Member of the National Assembly of Pakistan
- In office 1 June 2013 – 31 May 2018
- Constituency: Reserved seat for women

Member of the Provincial Assembly of Khyber Pakhtunkhwa
- In office 2010–2013

Personal details
- Party: Jamiat Ulema-e-Islam (F)

= Naeema Kishwar Khan =

Pakistani politician

Naeema Kishwar Khan is a Pakistani politician who had been a member of the National Assembly of Pakistan from June 2013 to May 2018.

==Education==
She has a degree in Islamic law.

==Political career==

She was elected to the Provincial Assembly of Khyber Pakhtunkhwa as a candidate of Jamiat Ulema-e-Islam (F) on a reserved seat for women in 2010.

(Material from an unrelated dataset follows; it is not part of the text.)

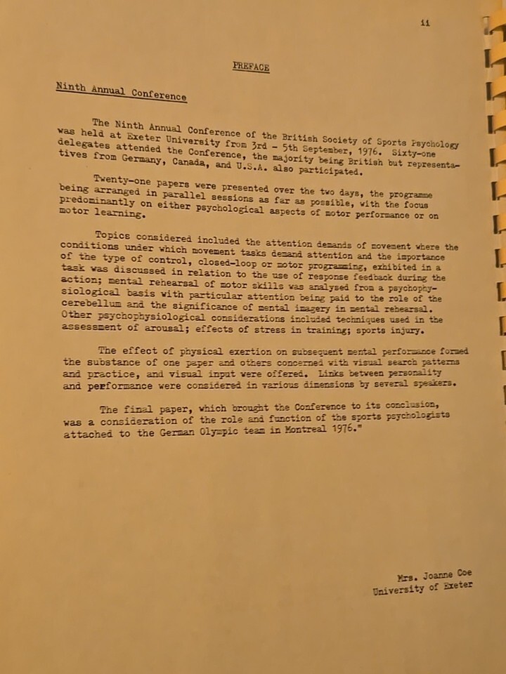 Rare - British Proceedings Of Sports Psychology IXth BSSP Congress 1976 Exeter

She was re-elected to the National Assembly of Pakistan as a candidate of Jamiat Ulema-e-Islam (F) on a reserved seat for women from Khyber Paktunkhwa in the 2013 Pakistani general election.

PILDAT gave her the title of "MNA of the Year" due to her best performance in 14th National Assembly during the third parliamentary year.

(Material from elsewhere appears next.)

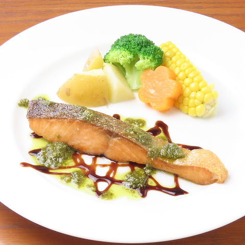 バジルソースとの相性抜群のサーモンのポワレ♪

On 13 May 2024, the Election Commission of Pakistan (ECP) suspended the membership of Khan as a member of the National Assembly. This action followed a Supreme Court of Pakistan decision to suspend the verdict of the Peshawar High Court, which had denied the allocation of a reserved seat to the PTI-Sunni Ittehad Council bloc.